Should either quantum computers or DNA computers ever become practical, they would have a tremendous impact on cryptography. In fact, many cryptographic algorithms and protocols that are computationally secure today would be rendered worthless. This is particularly true for algorithms and protocols that use public key cryptography.

Cryptographic algorithms and protocols are used to establish secured channels (both in terms of authenticity and integrity, as well as confidentiality). Note the subtle difference between a secure channel and a secured channel.
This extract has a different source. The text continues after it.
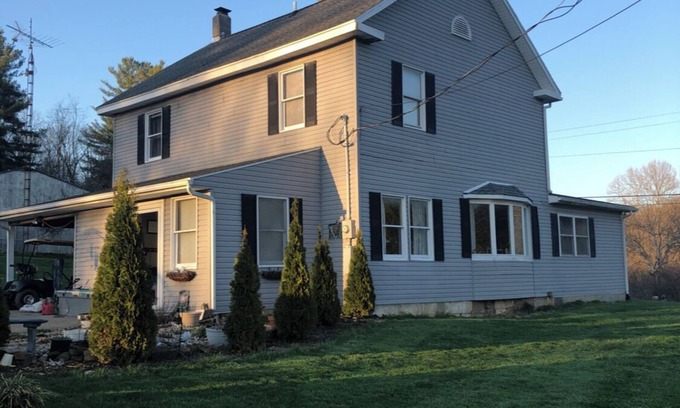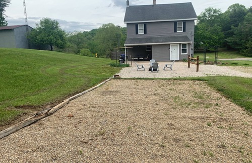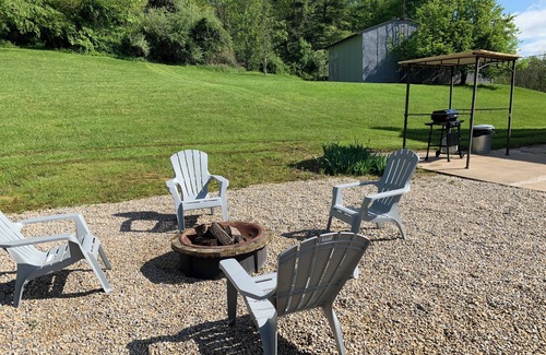 You will have this place to yourselves. This 1-bedroom house in Logan, sitting on 5 acres, is perfect for your escape to the country. With 1 queen bed, 1 full bed, and 1 futon (youth size). Our property offers amenities like a washer & dryer, AC, heating, WiFi, and more. Plenty of outdoor space with a dining table under a covered patio, a fire pit, large yard and woods to explore. Close to caves, lake, zipline, wineries, shopping, flea market and much more. Whether you're planning a long or short stay, our place is equipped to make your holiday amazing.

Certain channels are assumed to be secure, including trusted couriers and personal contacts between communicating parties, whereas other channels may be secured by physical or cryptographic techniques. Physical security may be established through physical means, such as dedicated communication links with corresponding access controls put in place, or the use of quantum cryptography. Contrary to conventional cryptography, the security of quantum cryptography does not rely upon any complexity-theoretic or probability-theoretic assumptions, but is based on the Heisenberg uncertainty principle of quantum physics [8]. As such, quantum cryptography is immune to advances in computing power and human cleverness. In the future, quantum cryptography may provide a physical alternative to unconditionally secure cryptographic algorithms and protocols. In the meantime, however, conventional and computationally secure cryptographic algorithms and protocols are much easier to use and deploy. Consequently, we are not going to delve into the details of quantum cryptography in this book.

^[1]Len M. Adleman is a coinventor of the Rivest, Shamir, and Adleman (RSA) cryptosystem.

^[2]According to theoretical computer science, the directed Hamiltonian path problem is NP-complete.